In hydrogen laboratories at the university and other research and development operations in the state, where the vision of Oppenheimer has evolved from splitting the atom for extinction-level purposes to tapping the most bountiful element in the universe for its clean-energy potential.

Along the sleepy back roads of the state in forested fields and other agricultural assets, where grow enormous, renewable sources of biofuels.

Off the coast, where Mother Nature whistles strong winds atop the mighty Atlantic Ocean.
And in the sunny climate of South Carolina, where a virtually limitless solar source shines silently, lingering to be harnessed.
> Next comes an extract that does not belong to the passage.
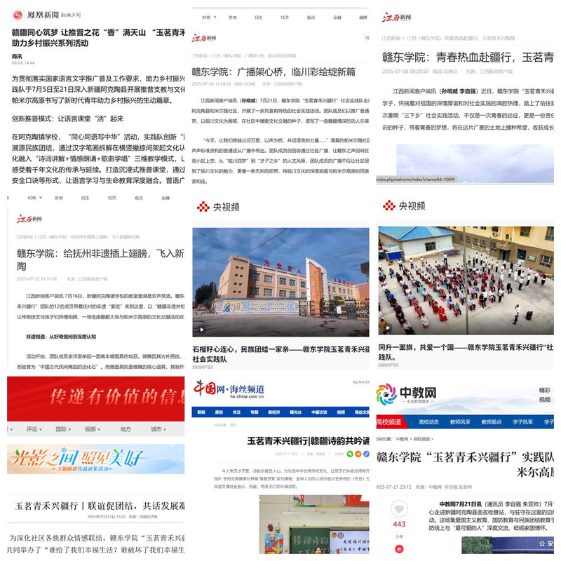 活动期间,团队实践成果受到社会各界广泛关注,被央视频、中教网、中国网、凤凰新闻、江西新闻等国家级、省级媒体平台报道百余次。除共青团新疆区委的感谢信外,团队还收到来自阿克陶前方指挥部、阿克陶县教育局、阿克陶镇政府、雪松中学、新疆阿克猫农业开发有限公司等共12家单位的感谢信。

It is fitting then, as the city, state, nation and world hone in on hydrogen, to consider other options along with it. “I don’t think there’s any single silver bullet,” says John Clark, director of the S.C. Energy Office. “I think the key is going to be having greater diversity in energy sources than we have.”
read more...

Just how much clean energy potential does South Carolina have? Part of the answer comes from this study by the Southern Alliance for Clean Energy. It busts the myth that the Southeast -- and South Carolina -- doesn't have enough renewable energy. It shows that our state has enough clean energy to power 15% of the state over the near term -- long term the potential to power ourselves from home-grown energy resources is greater than all the energy we use today.